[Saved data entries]
"""

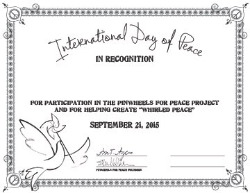 If you would like to print out a certificate to give to your Peace Day participants, download this file pinwheel certificate 2015.pdf
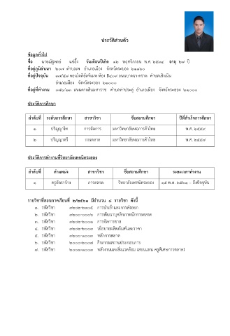 ประวัติการท างานที่วิทยาลัยเทคนิคระยอง
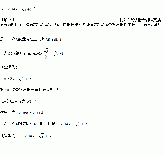 (2016黑龙江省龙东地区)如图,等边三角形的顶点A(1,1)、B(3,1),规定把等边△ABC“先沿x轴翻折,再向左平移1个单位”为一次変换,如果这样连续经过2016次变换后,等边△ABC的顶点C的坐标为________________________.
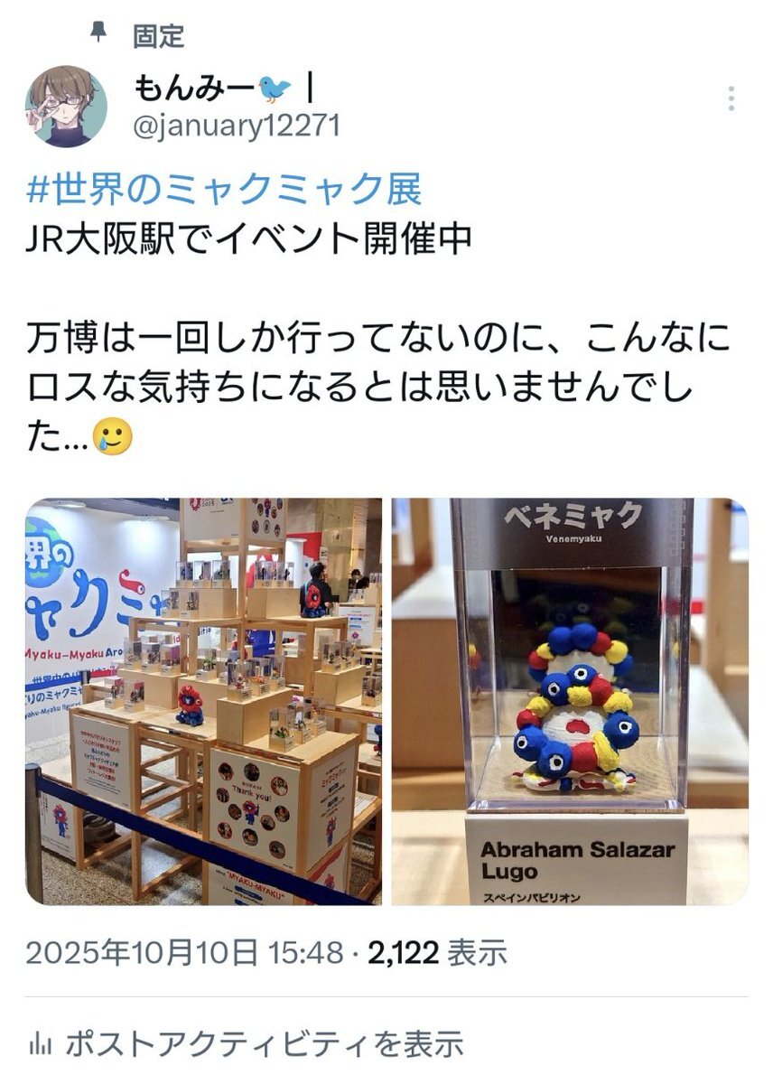 今見た え〜?知らなかった 中を見たら 終わってた😭 #世界のミャクミャク展 x.com/expo2025_jrwes…
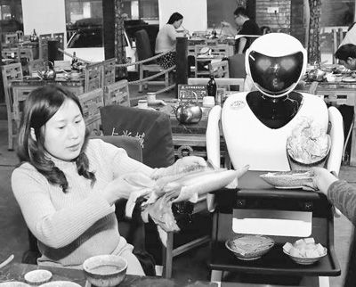 山东省东营市首个餐饮机器人服务员正在为客人上菜。
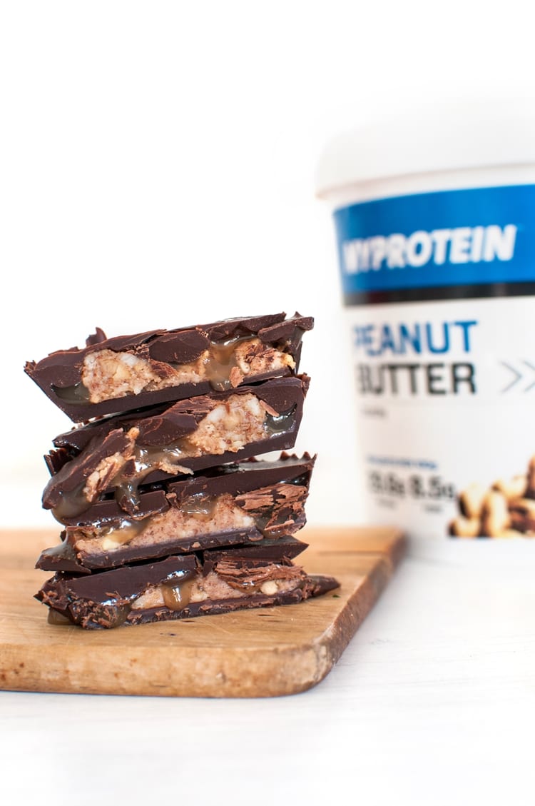 72g Myprotein arašidového masla 150g kvalitnej tmavej čokolády (alebo Myprotein proteínovej čokolády- 100g/27g bielkovín) - 55g hnedého cukru
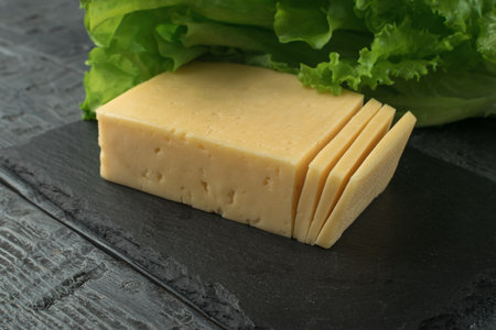 A sliced piece of cheese and lettuce leaves on a black wooden table. A natural product made from milk.
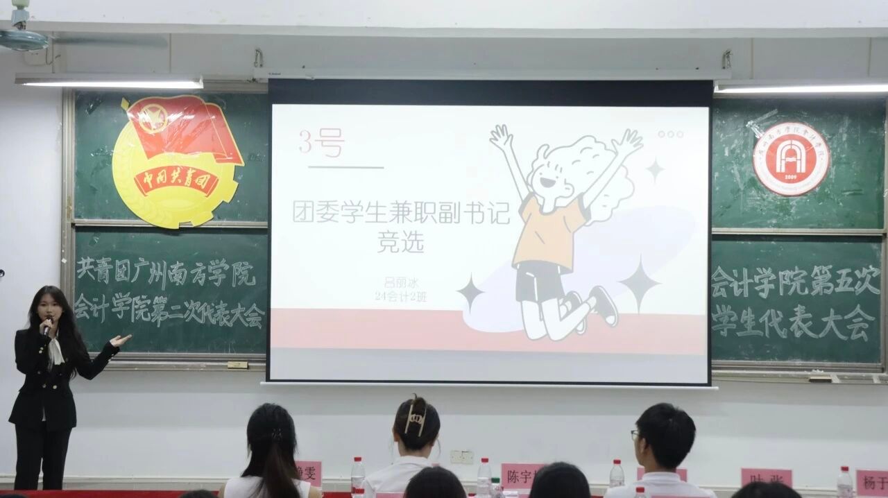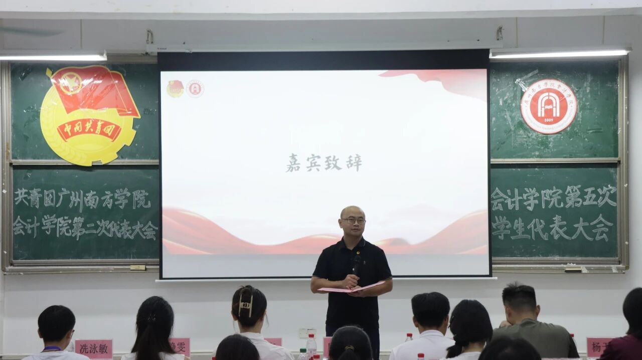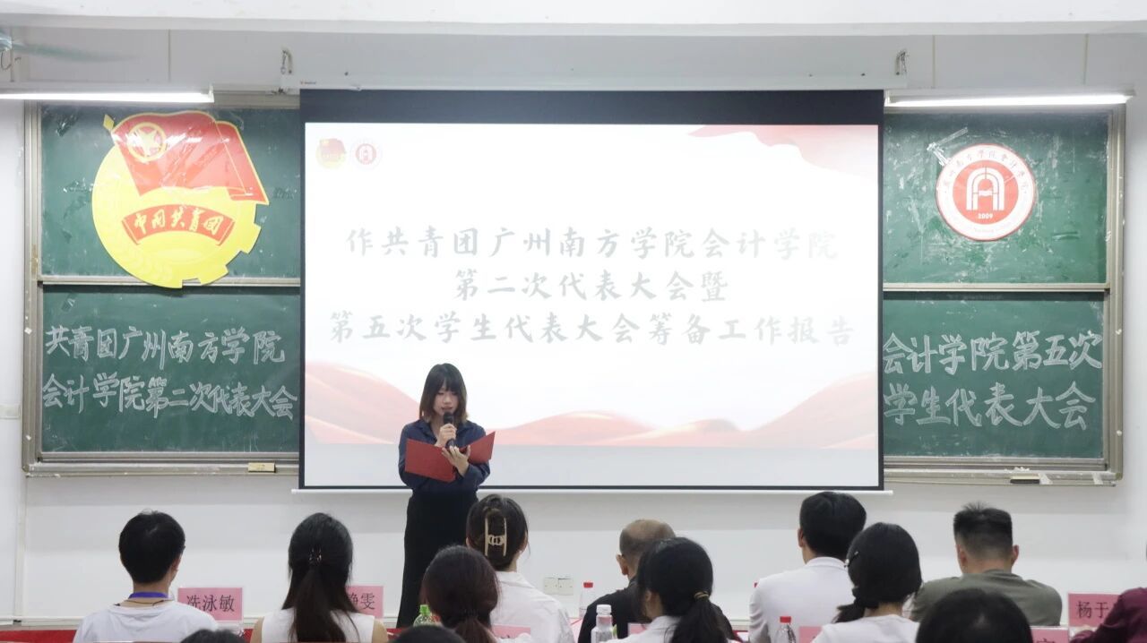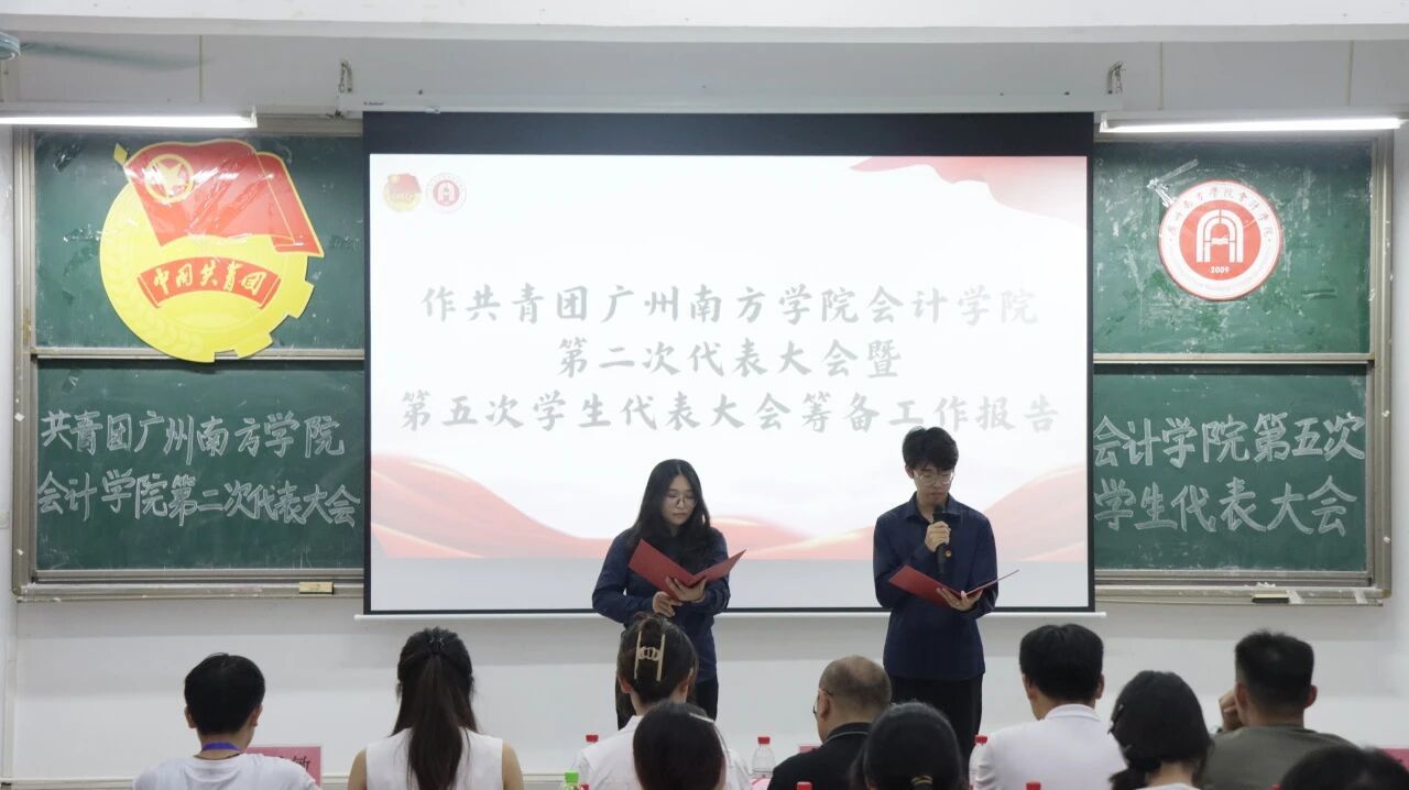 2025年9月27日晚18时30分,共青团太阳成集团tyc7111第二次代表大会暨第五次学生代表大会(以下简称“双代会”)在5教205教室隆重召开。太阳成集团tyc7111党总支副书记陈宇桂、学工办主任薛梅、团委学生会指导老师陈静雯、赵帅、辅导员叶张、校学生会主席团成员杨于乐、校团委秘书处冼泳敏、各兄弟院系主席团代表及太阳成集团tyc7111第四届团委学生会全体学生干部出席本次会议,180名学生代表肩负全院同学期望参会。
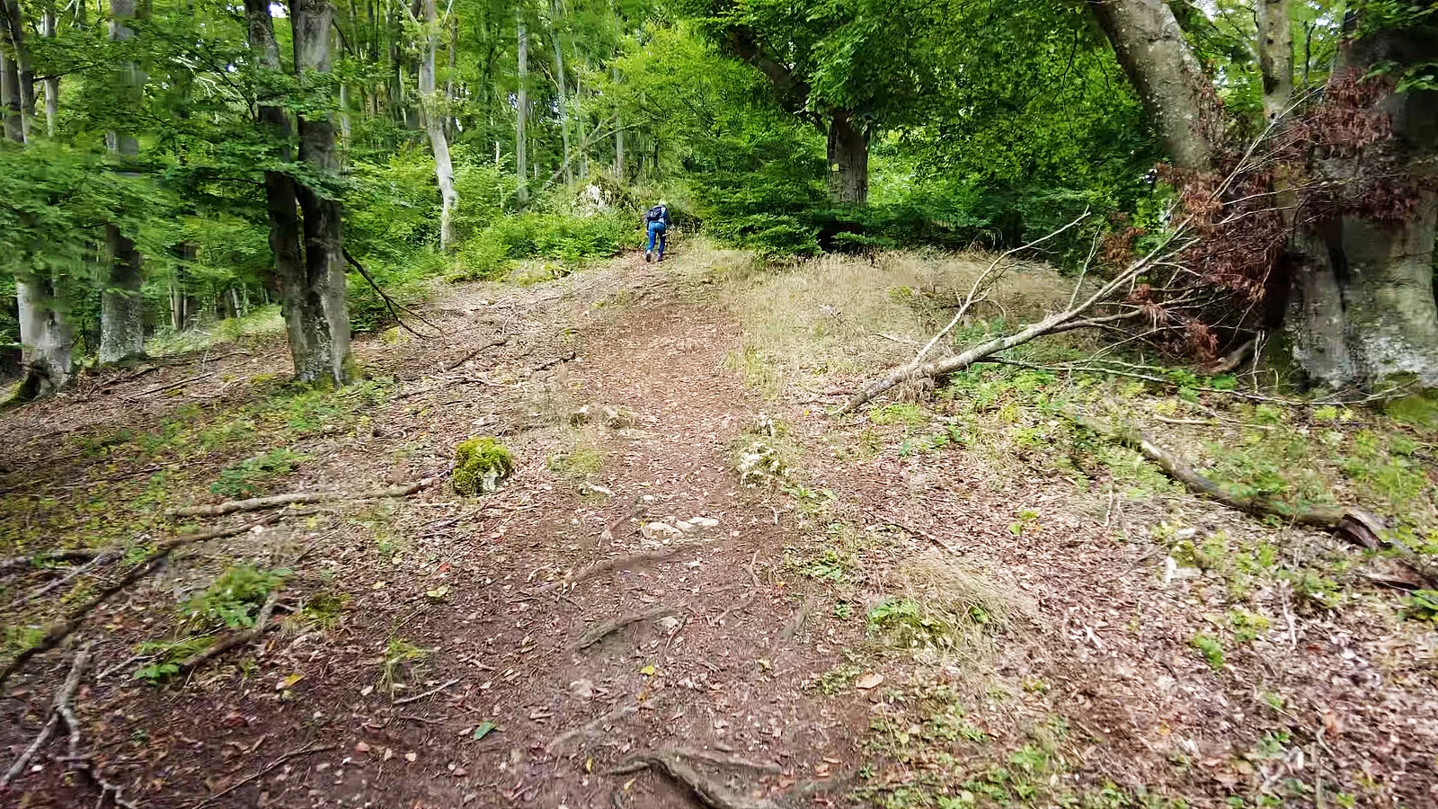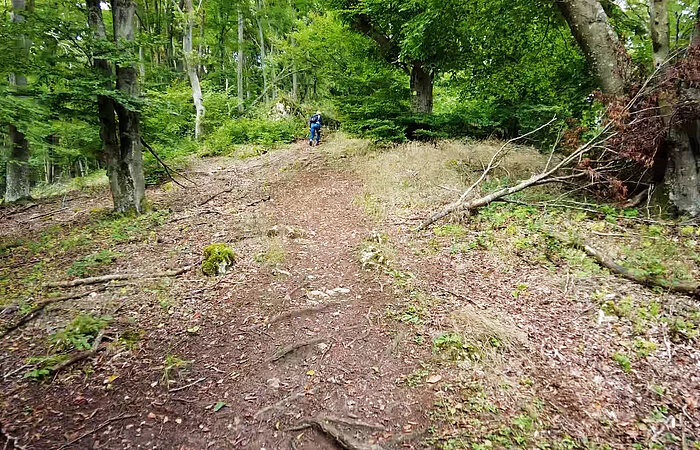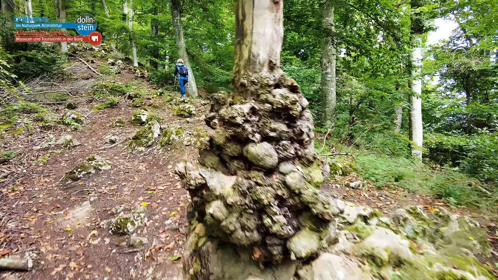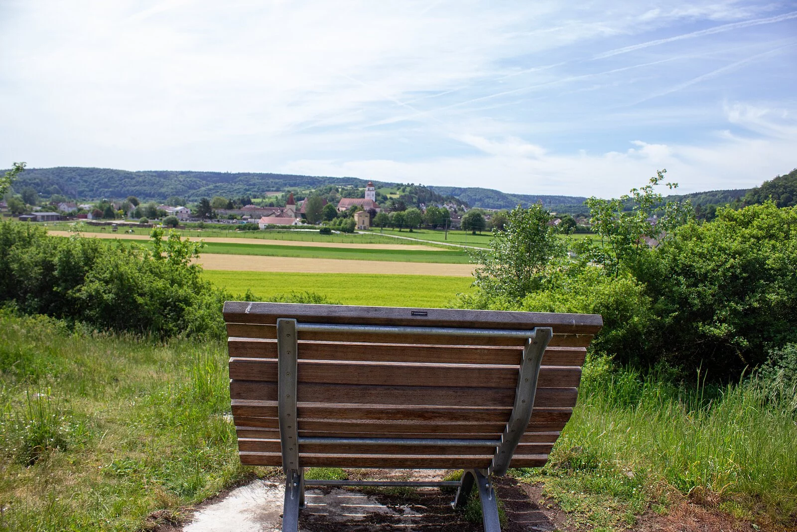An der nächsten Kreuzung halten wir uns rechts und wandern von nun an, mit einer größeren Steigung, den „Rossrücken“ bergauf. Hier lässt sich schon mal eine kleine Pause auf dem Waldsofa einlegen. Vom Bergkamm herrliche Aussicht ins Altmühl-, Urdonautal und auf den Markt Dollnstein. Im Wald geht es den Bergkamm entlang, vorbei am Funkturm, zum höchsten Punkt der Tour mit knapp 520 m.
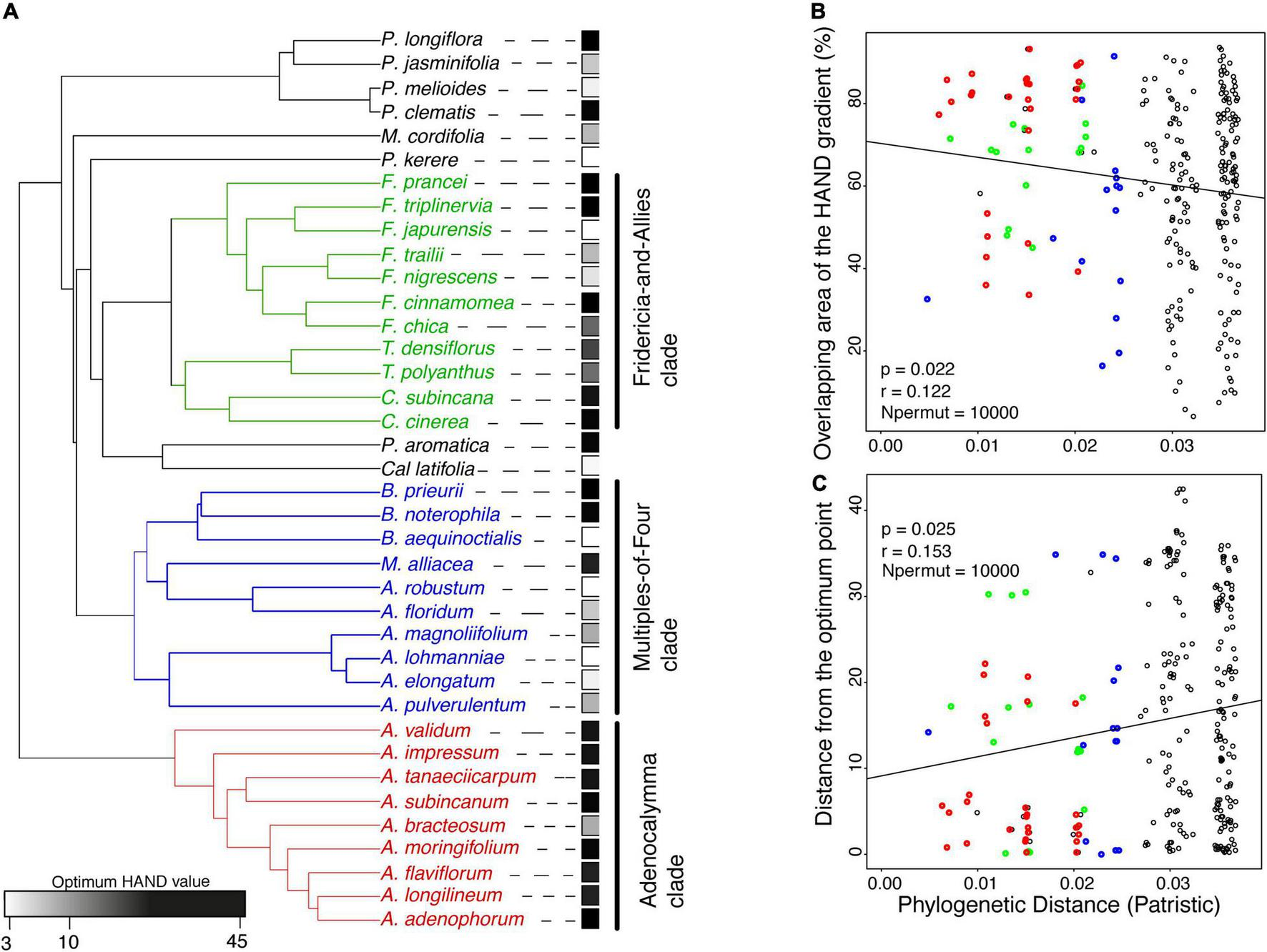 Relationship between phylogenetic pattern and liana species distribution of the tribe Bignonieae in the HAND gradient. (A) Phylogenetic relationship of the tribe Bignonieae with the optimum value of each species in the HAND gradient. (B) Negative relationship between the overlapping area of the HAND gradient and the Phylogenetic Distance (Patristic). (C) Positive relationship between the distance from the optimum value of each species in the HAND gradient and the phylogenetic distance (Patristic). See Figure 1 for abbreviations of scientific terms. Red, blue, and green highlight the three main clades of the tribe Bignonieae: Adenocalymma, Multiples-of-Four, and Fridericia-and-Allies, respectively. Black points represent other species of the tribe Bignonieae.

"""

Work order:
Restate, word for word, the entries above, dropping any picture.

Output:
 If you would like to print out a certificate to give to your Peace Day participants, download this file pinwheel certificate 2015.pdf
 ประวัติการท างานที่วิทยาลัยเทคนิคระยอง
 (2016黑龙江省龙东地区)如图,等边三角形的顶点A(1,1)、B(3,1),规定把等边△ABC“先沿x轴翻折,再向左平移1个单位”为一次変换,如果这样连续经过2016次变换后,等边△ABC的顶点C的坐标为________________________.
 今見た え〜?知らなかった 中を見たら 終わってた😭 #世界のミャクミャク展 x.com/expo2025_jrwes…
 山东省东营市首个餐饮机器人服务员正在为客人上菜。
 72g Myprotein arašidového masla 150g kvalitnej tmavej čokolády (alebo Myprotein proteínovej čokolády- 100g/27g bielkovín) - 55g hnedého cukru
 A sliced piece of cheese and lettuce leaves on a black wooden table. A natural product made from milk.
 2025年9月27日晚18时30分,共青团太阳成集团tyc7111第二次代表大会暨第五次学生代表大会(以下简称“双代会”)在5教205教室隆重召开。太阳成集团tyc7111党总支副书记陈宇桂、学工办主任薛梅、团委学生会指导老师陈静雯、赵帅、辅导员叶张、校学生会主席团成员杨于乐、校团委秘书处冼泳敏、各兄弟院系主席团代表及太阳成集团tyc7111第四届团委学生会全体学生干部出席本次会议,180名学生代表肩负全院同学期望参会。
An der nächsten Kreuzung halten wir uns rechts und wandern von nun an, mit einer größeren Steigung, den „Rossrücken“ bergauf. Hier lässt sich schon mal eine kleine Pause auf dem Waldsofa einlegen. Vom Bergkamm herrliche Aussicht ins Altmühl-, Urdonautal und auf den Markt Dollnstein. Im Wald geht es den Bergkamm entlang, vorbei am Funkturm, zum höchsten Punkt der Tour mit knapp 520 m.
 Relationship between phylogenetic pattern and liana species distribution of the tribe Bignonieae in the HAND gradient. (A) Phylogenetic relationship of the tribe Bignonieae with the optimum value of each species in the HAND gradient. (B) Negative relationship between the overlapping area of the HAND gradient and the Phylogenetic Distance (Patristic). (C) Positive relationship between the distance from the optimum value of each species in the HAND gradient and the phylogenetic distance (Patristic). See Figure 1 for abbreviations of scientific terms. Red, blue, and green highlight the three main clades of the tribe Bignonieae: Adenocalymma, Multiples-of-Four, and Fridericia-and-Allies, respectively. Black points represent other species of the tribe Bignonieae.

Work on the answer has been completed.